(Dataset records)
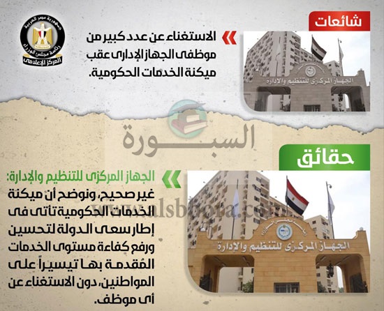 وأوضح الجهاز المركزى للتنظيم والإدارة، أن هذه الأمر غير صحيح، وأن ميكنة الخدمات الحكومية تأتى فى إطار سعى الدرلة لتحسين ورفع كفاءة مستوى الخدمات المقدمة بها، تيسيرا على المواطنين دون الاستغناء عن أى موظف.
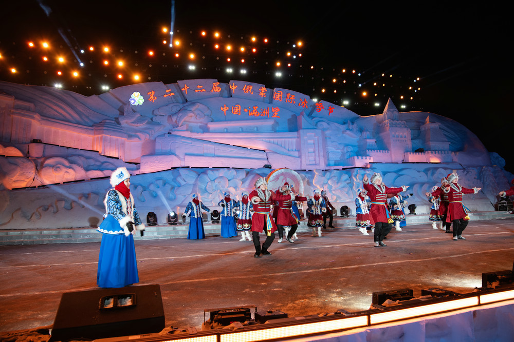 作為當(dāng)日重頭戲,冰雪節(jié)開幕式暨《冰雪芳華》主題樂園開園儀式于晚間精彩上演。中俄蒙三國表演團(tuán)隊(duì)輪番登臺,用悠揚(yáng)的歌聲、靈動的舞姿傳遞三國友誼,為現(xiàn)場觀眾獻(xiàn)上一場兼具民族風(fēng)情與國際視野的文化盛宴。
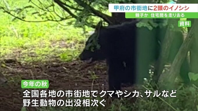 この秋は全国各地の市街地でクマやシカ、サルなど野生動物の出没が相次いでいて、甲府市はイノシシを見かけた場合は刺激せず、すぐに市や警察に連絡するよう呼び掛けています。
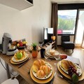 The apartment features a functional and inviting layout, with a living room that includes a comfortable sofa bed (160x190 cm) and a small dining area for shared meals. The kitchen is thoughtfully equipped with a refrigerator, combination oven, raclette grill, and a Senseo coffee machine, making it easy to prepare hearty breakfasts or après-ski dinners. A sleeping alcove with three single beds provides a cozy space for restful nights, while the modern shower room and separate toilet add convenience to your stay.
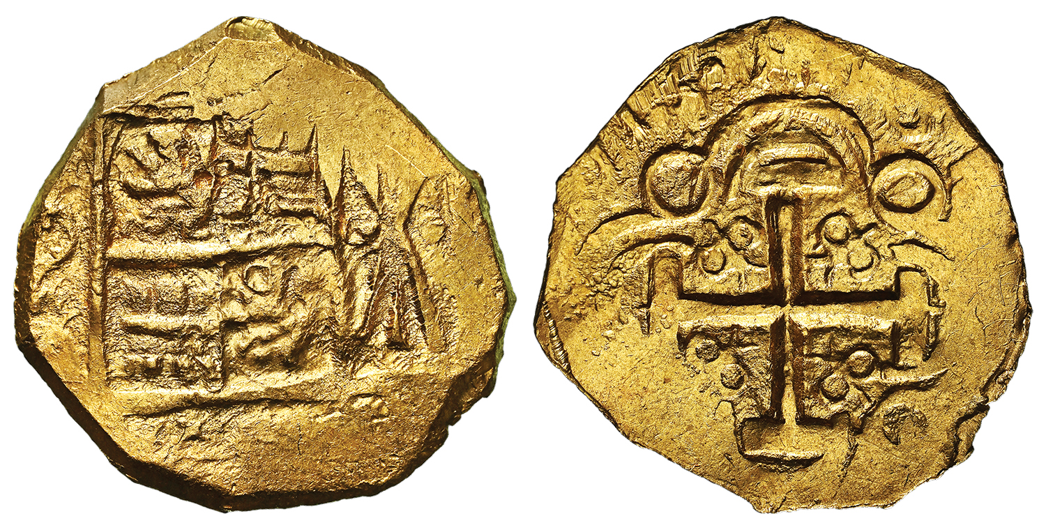 COLOMBIA GOLD COB 2 ESCUDO – 1713 DATE ISSUE EX 1715 FLEET – MS64 SHIPWRECK CERTIFICATION NGC GRADED WORLD COIN (Inv. 21014)

## Task goal
What do the entries above read from the line containing "作為當(dāng)日重頭戲,冰雪節(ji" through the line containing "この秋は全国各地の市街地でク"? Output those lines exactly, both ends included, with the pictures left out.

## Answer to the exercise
 作為當(dāng)日重頭戲,冰雪節(jié)開幕式暨《冰雪芳華》主題樂園開園儀式于晚間精彩上演。中俄蒙三國表演團(tuán)隊(duì)輪番登臺,用悠揚(yáng)的歌聲、靈動的舞姿傳遞三國友誼,為現(xiàn)場觀眾獻(xiàn)上一場兼具民族風(fēng)情與國際視野的文化盛宴。
 この秋は全国各地の市街地でクマやシカ、サルなど野生動物の出没が相次いでいて、甲府市はイノシシを見かけた場合は刺激せず、すぐに市や警察に連絡するよう呼び掛けています。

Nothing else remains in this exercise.